Experience with manual shuffling conditioned bridge players to expect lots of hands with three or four cards of each suit. The machines were dealing startlingly less-evenly distributed combinations. Scrutiny showed that during play, cards get bunched and collected by suit in sets of three or four. Manual shuffling didn't break up the clumps and randomize the cards especially well, so new deals retained vestiges of this regularity. In contrast, the computers delivered hands having wider variances.

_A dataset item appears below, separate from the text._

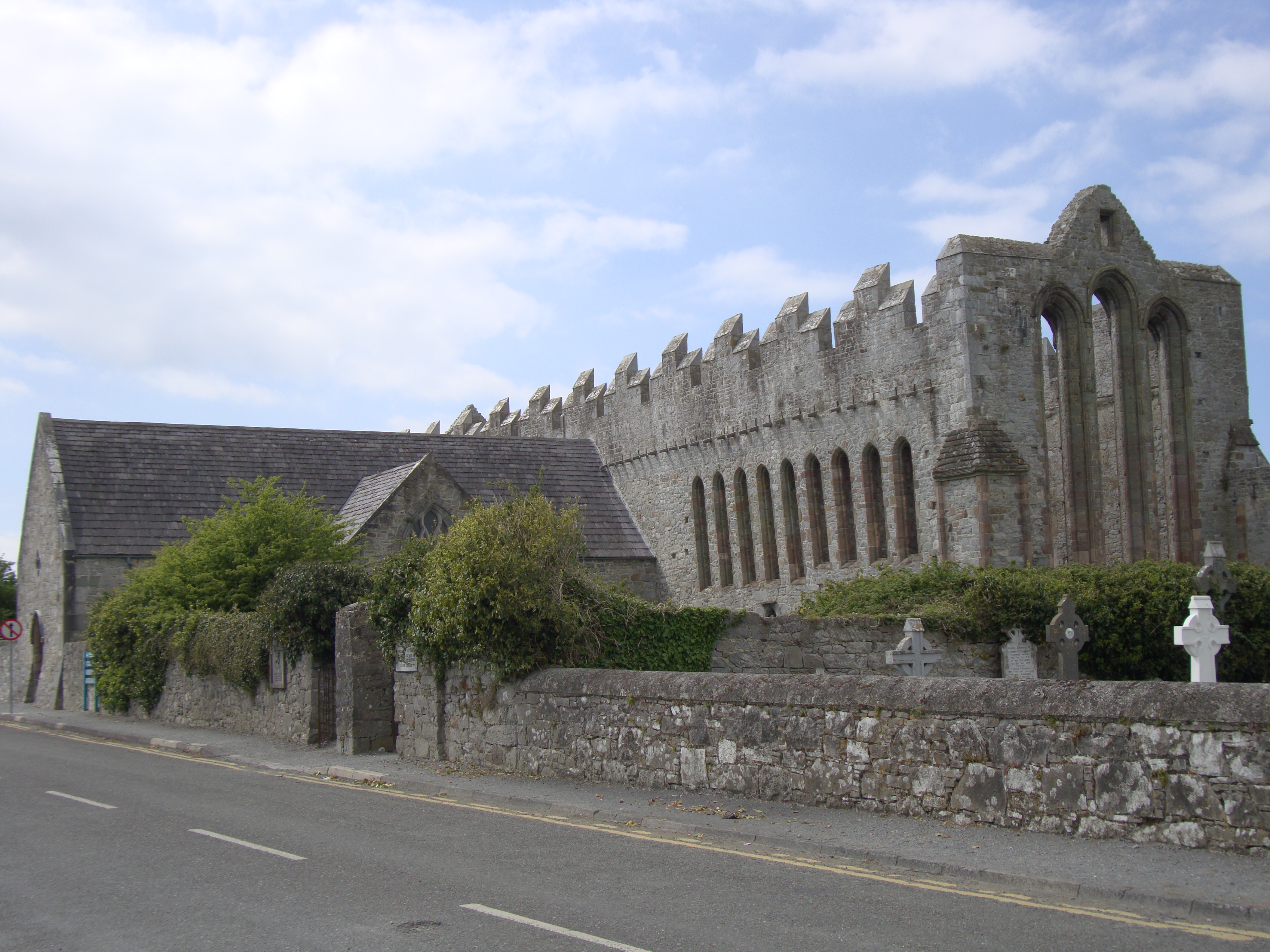 Photograph of Ardfert Cathedral, Co. Kerry, Ireland

The same basic dilemma arises in casino card games. Standard edge calculations presume random drawing from a deck or shoe. But, cards tend to get clustered and set aside in characteristic ways as the action unfolds. The question therefore arises: do the common manual shuffles adequately mix the cards, or do remnants of the ordering remain from previous play? And, if the latter, do any or all of the three following possibilities pertain? 1) Solid citizens may unconsciously develop instincts to optimize their play other than by rules that presuppose randomness. 2) Bettors may become more successful at anticipating cards to be drawn than expected by chance. 3) Card games may exhibit hot or cold phases more extreme or frequent than the laws of probability suggest.

Mathematicians have examined how thoroughly a stack of cards must be shuffled to be randomized in an operative sense. In what are generally considered the two classic analyses, the researchers reached somewhat different conclusions depending on how they defined randomness. In both cases, though, only "riffling" (splitting the stack roughly into halves, and "fanning" the piles together to interleave the cards) was employed for the shuffle.

The first of these studies measured randomness in terms of the probability that card sequences could be predicted after a shuffle from a knowledge of their prior order. Predictability remained high for small numbers of riffles, then dropped off sharply. The conclusion was that cards became randomized abruptly, for most practical purposes, after seven riffles for one deck, 11 for six decks, and 12 for eight decks.

The second of the investigations modeled randomness more abstractly, in terms of information theory. The "entropy" or uncertainty of a totally random deck was measured by the number of ways it could be arranged. Repeated riffling arithmetically increased uncertainty from zero to the maximum value. This approach yielded no sharp cut-off. Moreover, the point where the cards could be deemed effectively randomized was lower -- after five riffles for one deck and eight for six and eight decks.

Not as many riffles are needed for blackjack or minibaccarat than predicted by shoe size alone, because there are only 10 different elements -- nine occurring four times per deck and one 16 times. Possible arrangements are accordingly fewer than when each card is unique. The information model gives the entropy for six decks in these games as 931 bits; that of 312 distinct cards is 2,140 bits. At eight decks, the respective figures are 1,250 and 3,025 bits. Actual numbers of possible arrangements are astronomical: 16 followed by 279 zeros for six-deck blackjack or minibaccarat shoes and 21 followed by 643 zeros for 312 distinct cards.

How many riffles do they do at your favorite casino? It's usually no more than four. And, the coarseness and consistency of the interleaving has an impact. However, statisticians say casinos rarely randomize the cards. Can this phenomenon be exploited? I'll leave this, for now, lest you think we're into superstition. Which, strictly speaking, we are. Still, it pays to contemplate the counsel of the shufflers' Shakespeare, Sumner A Ingmark:

A theorist is oft a preacher,
Experience, an awesome teacher,
Wise bettors won't spurn either feature.